2.4 Integration With Other Tiers

The comprehensive EMP should establish processes that enable the HCO to coordinate and integrate with other response entities. This helps the HCO adequately provide MSCC and becomes critically important when an asset is severely challenged and must seek external assistance.

Why is it important for individual health and medical assets to have an effective interface with other tiers?

Consider the scenario of a bombing incident with large numbers of casualties. Patients may self-refer or be transported by official jurisdictional assets to multiple treatment locations. This occurred after the Pentagon attack on 9/11, as patients were transported to hospitals around the region and others self-referred to hospitals and at least two clinics (one of which was in the Pentagon). Having individual HCOs effectively integrated with other tiers will facilitate:

  • Patient tracking: location of individual patients within a community's medical system.
  • Tracking the status of healthcare assets to determine:
    • HCOs that received large numbers of casualties that require outside support and diversion of additional patients
    • Individual assets that may be available to assist other HCOs
    • HCOs that can accept additional patients.
  • Notification of response actions that could affect an individual asset's operations, such as street closures that limit a facility's ability to get personnel to work.

The two major functional areas that facilitate cooperation among HCOs and integration of individual HCOs with non-medical responders at the jurisdiction (Tier 3) level are the Command element and Planning Section.

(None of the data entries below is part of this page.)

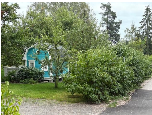
Bild 14. (Ovan) Syrenhäcken på bilden befinner sig ännu i plantstadiet. Om den inte klipps, växer busken rejält ut på gatuområdets sida. Plantorna ska planteras på tomten så, att de också som oklippta har rum att växa på den egna tomtens sida.
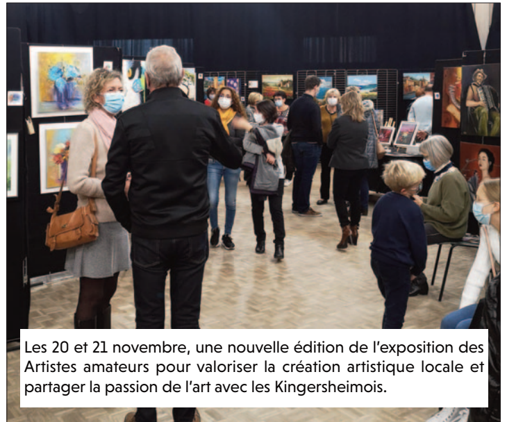
Les 20 et 21 novembre, une nouvelle édition de l'exposition des Artistes amateurs pour valoriser la création artistique locale et partager la passion de l'art avec les Kingersheimois.
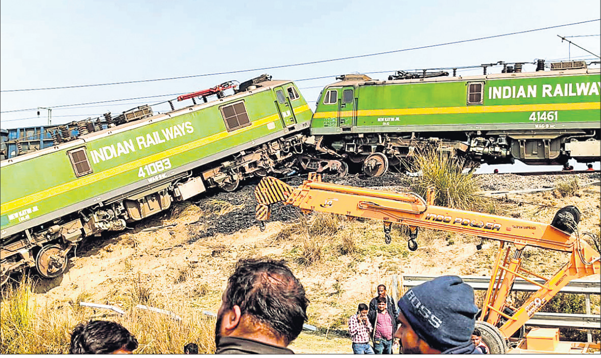
ଭଉଳପ୍ରଦେଶର ଫଟେହପୁର ଜିଲ୍ଲା ପନ୍ଥପୁର ନିକଟରେ ଦୁଇ ମାଲବାହୀ ଟ୍ରେନ ମଧ୍ୟରେ ମଙ୍ଗଳବାର ହୋଇଥିବା ଧକ୍କା।
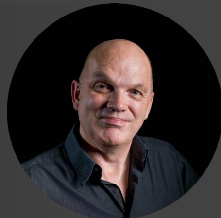
Figura icónica del mundo bandístico mundial y uno de los compositores más programados por las bandas andaluzas en los últimos 30 años gracias a su estilo compositivo, con una música motivadora, alegre y llena de fuerza que imprime en cualquier músico, y en el público que la escucha, atención y gran interés.
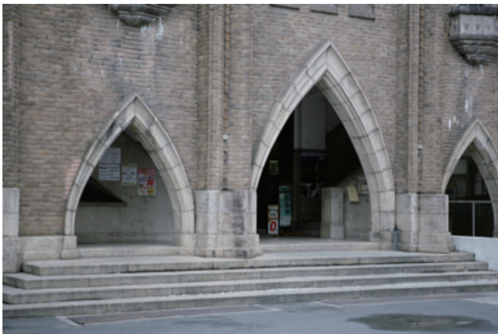
旧図書館玄関アーケード.
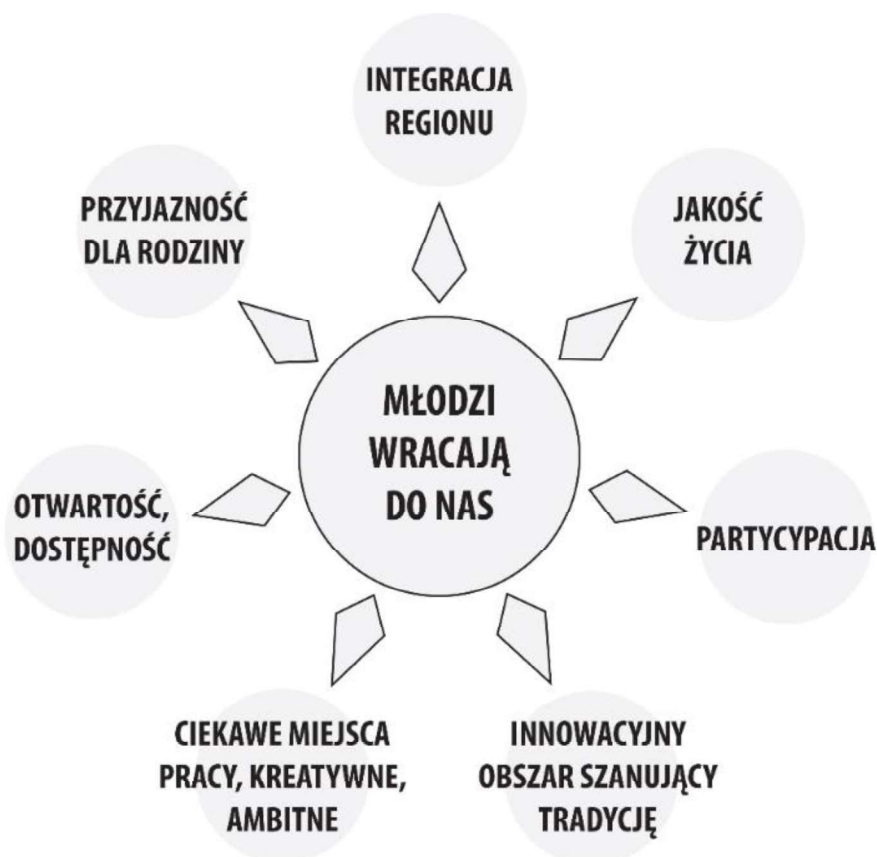
Rysunek 19. Determinanty powrotu i przyciągania ludzi młodych
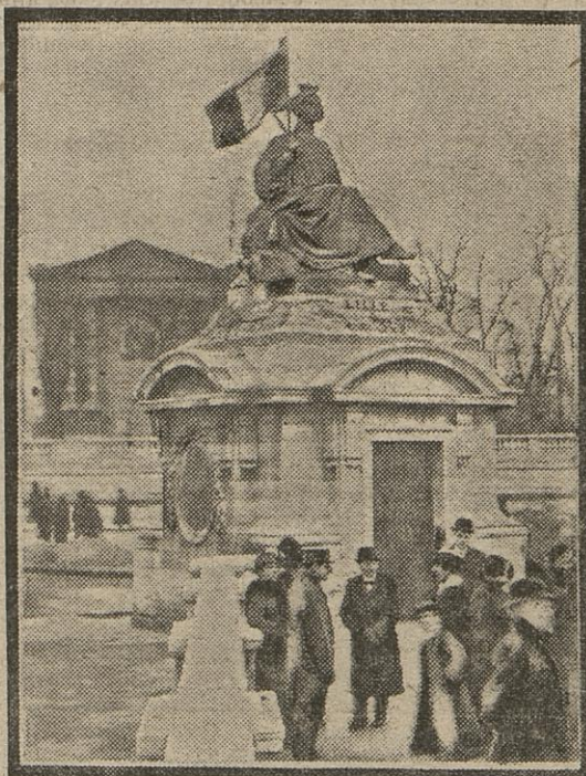
Lille est encore sous la domination allemande. Mais pas pour longtemps : c'est ce qu'ont voulu marquer, hier, des patriotes qui se sont rendus en groupe place de la Concorde et ont orné la statue d'un drapeau tricolore.
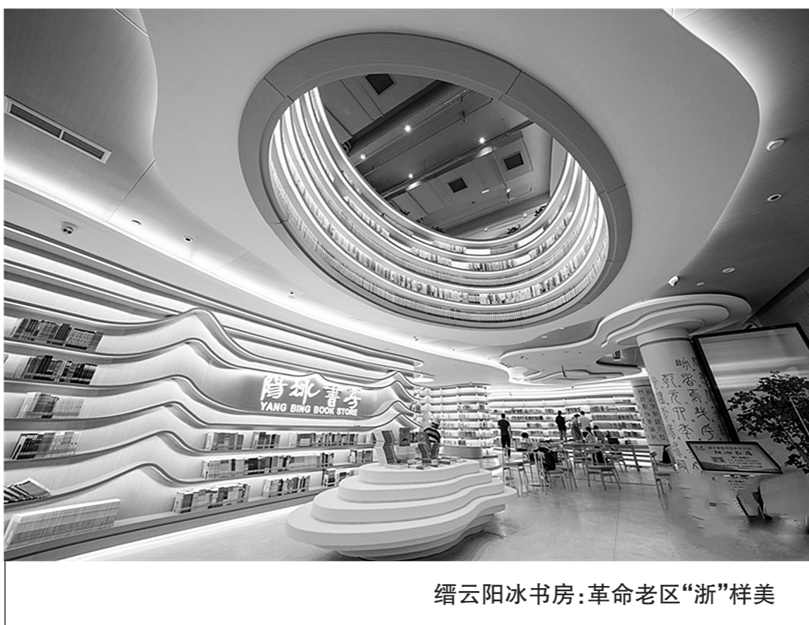
缙云冰书房:革命老区“浙”样美
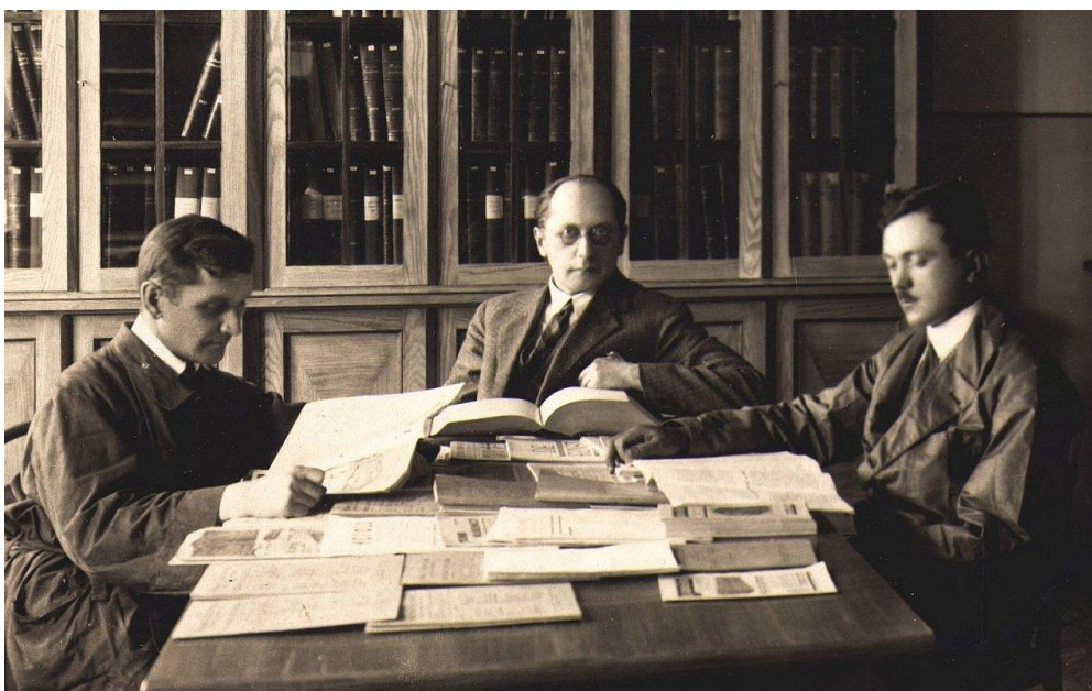
8. Biblioteka w 1926 r.

33. EMS is not usually included in this category and is not a facility per se. In a major emergency or disaster, however, EMS may provide definitive medical care in the field and should be integrated into Tier 1. 
34. In contrast, the traditional Incident Command System (ICS) model assumes that incident management is no longer responsible for patients once EMS transports patients to HCOs.
35. In this document, an HCO is any hospital, integrated healthcare system, private physician office, clinic, nursing home or other skilled nursing facility, or other resource that may provide point-of-service medical care.
36. Many other descriptions exist for individual HCO management, including the Hospital Incident Command System (HICS), State of California, Emergency Medical Services Authority, and Emergency Management Principles and Practices for Healthcare Systems, The Institute for Crisis, Disaster, and Risk Management (ICDRM) at the George Washington University; for the Veterans Health Administration (VHA)/U.S. Department of Veterans Affairs (VA), Washington, D.C., June 2006.
37. For a detailed discussion of the HVA for healthcare systems, see Emergency Management Principles and Practices for Healthcare Systems: Unit 1, Lessons 1.3.3 and 1.3.2.
38. J. A. Barbera and A. G. Macintyre. Jane's Mass Casualty Handbook: Hospital. Surrey, UK: Jane's Information Group, Ltd., 2003.
39. "Control objectives" is the NIMS term for overall incident response goals and are not limited to any single operational period (thus distinguishing them from operational period objectives).
40. U.S. Department of Homeland Security, National Response Plan, August 2004
41. Emergency Management Principles and Practices for Healthcare Systems: Unit 1.
42. A more detailed description of incident action plans, including an example of a hospital IAP, is provided in Appendix C.